AGU Abstract

Rayleigh-wave Group Velocity Tomography in the Vicinity of the Hawaiian Hotspot

Anne E Strader¹, Gabi Laske², John A Orcutt², Cecily J Wolfe⁴, John A Collins³, Sean C Solomon⁵, Robert S Detrick³, David Bercovici⁶, Erik H Hauri⁵

1. Bucknell University, Lewisburg, PA, USA.
2. Scripps Institution of Oceanography, La Jolla, CA, USA.
3. Woods Hole Oceanographic Institution, Woods Hole, MA, USA.
4. University of Hawaii at Manoa, Honolulu, HI, USA.
5. Carnegie Institute of Washington, Washington, DC, USA.
6. Yale University, New Haven, CT, USA. 

We present maps of long-period Rayleigh wave group velocity maps for the area spanned by the Hawaiian PLUME (Plume-Lithosphere Undersea Mantle Experiment) project. Specifically, we used observations from the second deployment of ocean-bottom and land broadband instruments that operated from April 2006 through May 2007. The recording network consisted of13 land stations with ten temporary and three observatory instruments and 38 ocean bottom sites that were equipped with 4-component broad-band instruments. With an average station spacing of approximately 200 km, this network had an aperture of nearly 1300 km.

For this study, we used an efficient interactive screen tool that employs a multiple filtering technique to measure the frequency-dependent group velocity. The spectra are pre-whitened to reduce biasing effects at frequencies with strong dispersion. We established that the technique provides reliable results for the two-station approach used here, at frequencies between 7 and 60 mHz. Our analysis includes records from 182 shallow earthquakes with focal depth h₀<200 km, and a scalar seismic moment M₀>0.01×10²⁰ Nm, and surface wave magnitudes M_S≥5.6. Six smaller events also have signal levels suitable for analysis.

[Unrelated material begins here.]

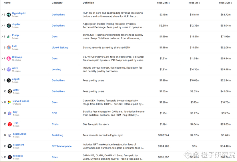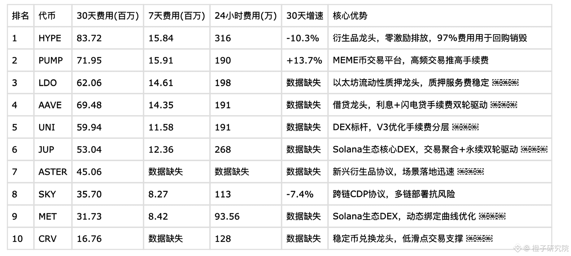 10. CRV(Curve):稳定币兑换赛道龙头,24小时费用128万美元,30天费用1676万美元;低滑点交易场景支撑基础手续费,虽受债务问题影响,但费用规模仍居细分赛道前列。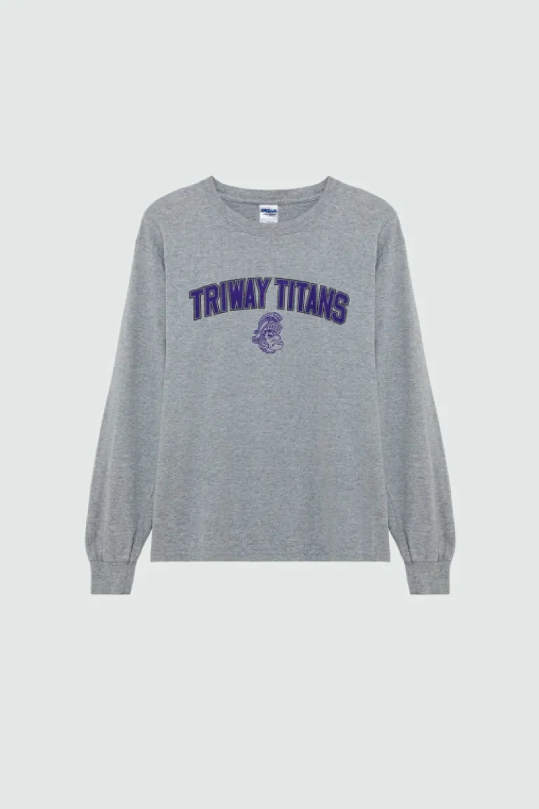 T-shirt girocollo vintage originale in cotone melange. Maniche lunghe e polsini a costine. Stampa Triway Titans sul fronte. Capo accuratamente igienizzato e ricondizionato, unico nel suo genere, pertanto eventuali imperfezioni sono da considerarsi pregi e non difetti. Regular fit. COMPOSIZIONE: 90% COTONE 10% POLIESTERE.

For initial dispersion quality and consistency checks, we inspected local group velocity maps obtained from 555 path-averaged group velocity curves for paths that cross the PLUME network. Occam-smoothed matrix inversions are performed for maps with 1° in latitude and longitude. The data are highly consistent at frequencies above 10 mHz. At frequencies below 25 mHz, there is an anomaly downstream of the island of Hawaii that intensifies with decreasing frequency. This result suggests a deep-seated structural anomaly. Group velocities at frequencies above 40 mHz also map with high fidelity. However, in an initial inversion for three-dimensional mantle shear velocity structure we discarded such data, as they are highly sensitive to bathymetry (which is well known and can be corrected for) and crustal thickness (which is less well known). The dominant feature in the resulting model is a strong low-velocity anomaly in the lower lithosphere and asthenosphere downstream of the island of Hawaii. This outcome is broadly consistent with earlier results obtained from the analysis of Rayleigh wave phase data.